§ DATA TO USE

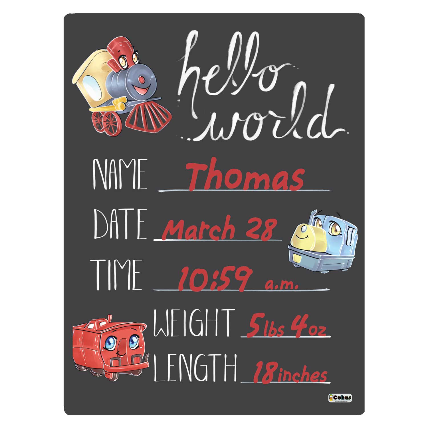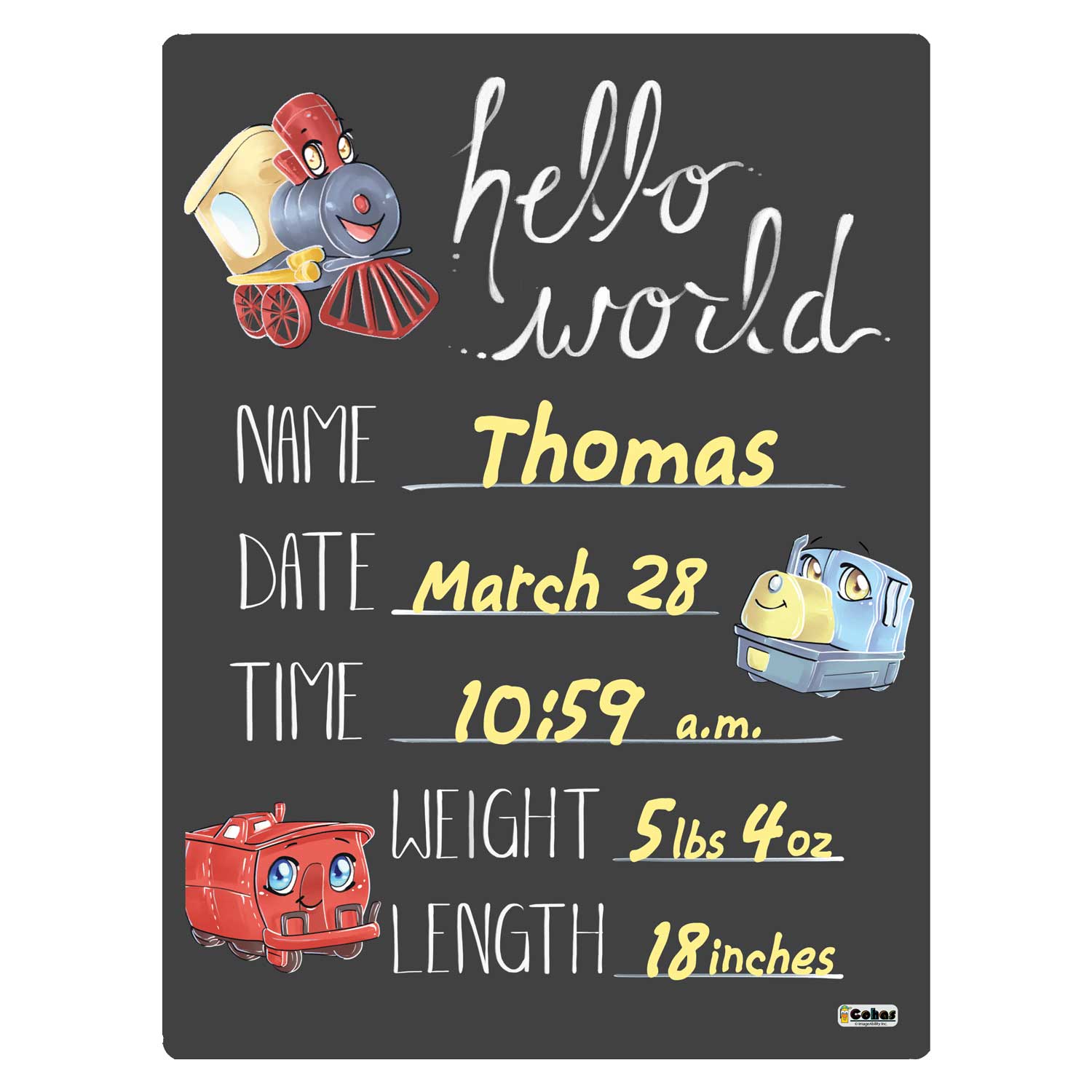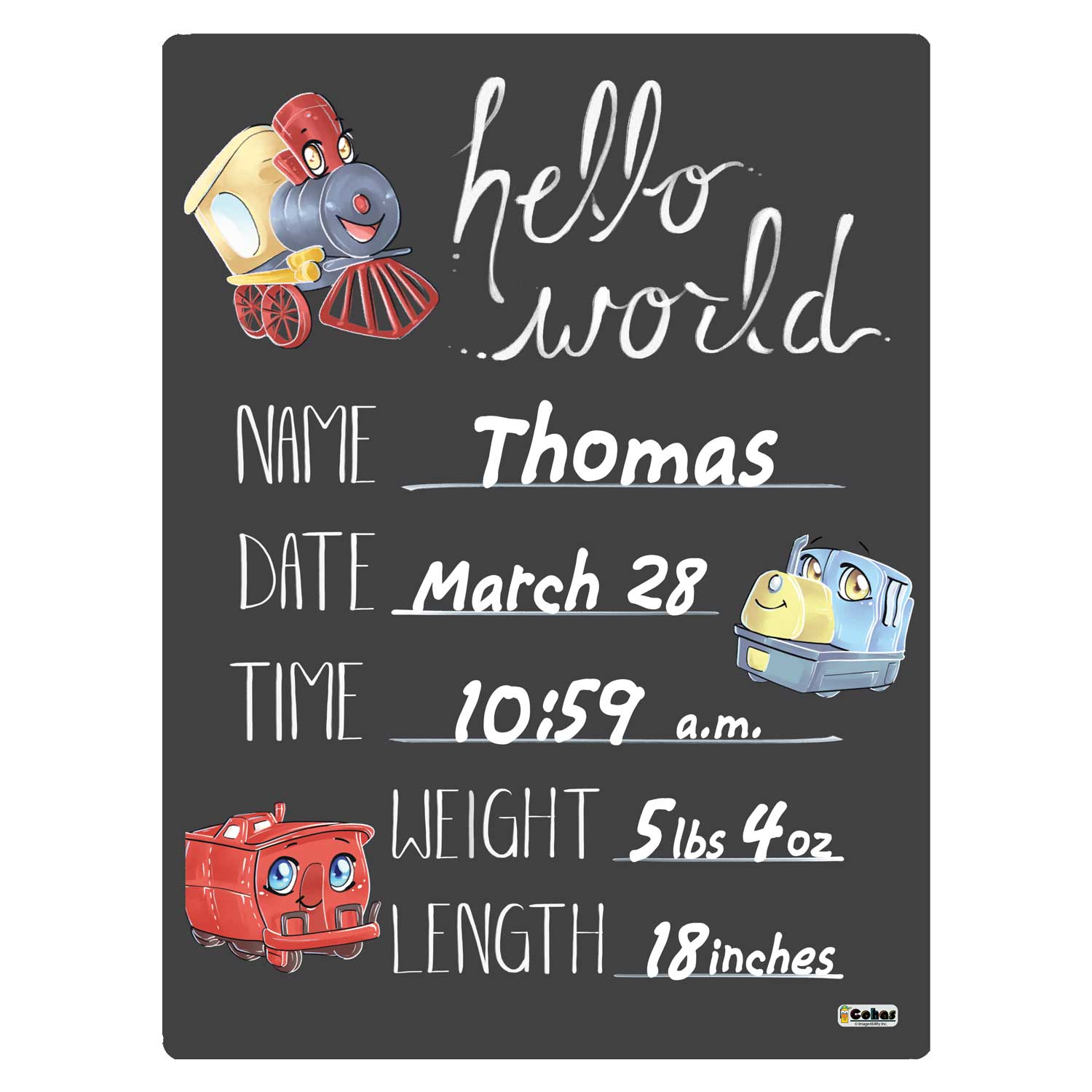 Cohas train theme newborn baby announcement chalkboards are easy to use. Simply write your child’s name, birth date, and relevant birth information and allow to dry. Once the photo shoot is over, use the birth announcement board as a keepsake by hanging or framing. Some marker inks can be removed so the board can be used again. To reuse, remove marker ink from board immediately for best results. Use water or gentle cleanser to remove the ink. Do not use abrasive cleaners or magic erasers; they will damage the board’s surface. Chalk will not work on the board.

---

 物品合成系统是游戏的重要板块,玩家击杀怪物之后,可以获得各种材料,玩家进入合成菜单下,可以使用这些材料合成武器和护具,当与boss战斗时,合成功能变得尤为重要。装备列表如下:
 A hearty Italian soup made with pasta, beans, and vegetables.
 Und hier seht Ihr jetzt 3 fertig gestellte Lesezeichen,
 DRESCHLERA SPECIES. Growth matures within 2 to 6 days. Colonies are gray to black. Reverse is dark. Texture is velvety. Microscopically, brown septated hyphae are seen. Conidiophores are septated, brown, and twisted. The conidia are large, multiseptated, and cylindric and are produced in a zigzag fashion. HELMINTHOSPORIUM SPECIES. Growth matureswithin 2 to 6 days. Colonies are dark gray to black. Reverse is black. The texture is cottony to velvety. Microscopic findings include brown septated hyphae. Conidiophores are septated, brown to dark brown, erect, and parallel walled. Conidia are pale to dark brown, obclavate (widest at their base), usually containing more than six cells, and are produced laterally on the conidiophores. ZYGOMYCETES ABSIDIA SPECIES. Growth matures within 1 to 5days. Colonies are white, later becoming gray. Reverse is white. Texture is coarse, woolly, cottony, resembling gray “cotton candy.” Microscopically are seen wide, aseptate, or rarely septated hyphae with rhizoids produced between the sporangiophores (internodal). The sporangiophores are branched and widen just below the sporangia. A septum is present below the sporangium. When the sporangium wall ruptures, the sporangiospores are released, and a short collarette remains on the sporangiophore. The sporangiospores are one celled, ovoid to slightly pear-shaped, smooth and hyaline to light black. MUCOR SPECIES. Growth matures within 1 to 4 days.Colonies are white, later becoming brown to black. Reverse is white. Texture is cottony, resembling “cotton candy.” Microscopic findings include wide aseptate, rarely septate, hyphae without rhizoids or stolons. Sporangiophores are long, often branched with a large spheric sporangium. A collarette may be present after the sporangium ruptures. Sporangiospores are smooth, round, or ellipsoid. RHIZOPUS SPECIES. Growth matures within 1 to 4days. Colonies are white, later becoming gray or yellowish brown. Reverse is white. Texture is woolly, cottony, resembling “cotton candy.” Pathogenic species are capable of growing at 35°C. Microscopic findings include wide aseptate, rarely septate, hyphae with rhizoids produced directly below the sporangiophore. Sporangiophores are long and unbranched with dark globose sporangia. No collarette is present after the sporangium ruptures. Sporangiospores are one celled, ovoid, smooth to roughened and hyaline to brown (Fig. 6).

§ YOUR INSTRUCTIONS
Going down the listing above, begin printing at the line with "物品合成系统是游戏的重要板块" and finish with the line with "Und hier seht", exactly as they appear.

§ RESULT BELOW
 物品合成系统是游戏的重要板块,玩家击杀怪物之后,可以获得各种材料,玩家进入合成菜单下,可以使用这些材料合成武器和护具,当与boss战斗时,合成功能变得尤为重要。装备列表如下:
 A hearty Italian soup made with pasta, beans, and vegetables.
 Und hier seht Ihr jetzt 3 fertig gestellte Lesezeichen,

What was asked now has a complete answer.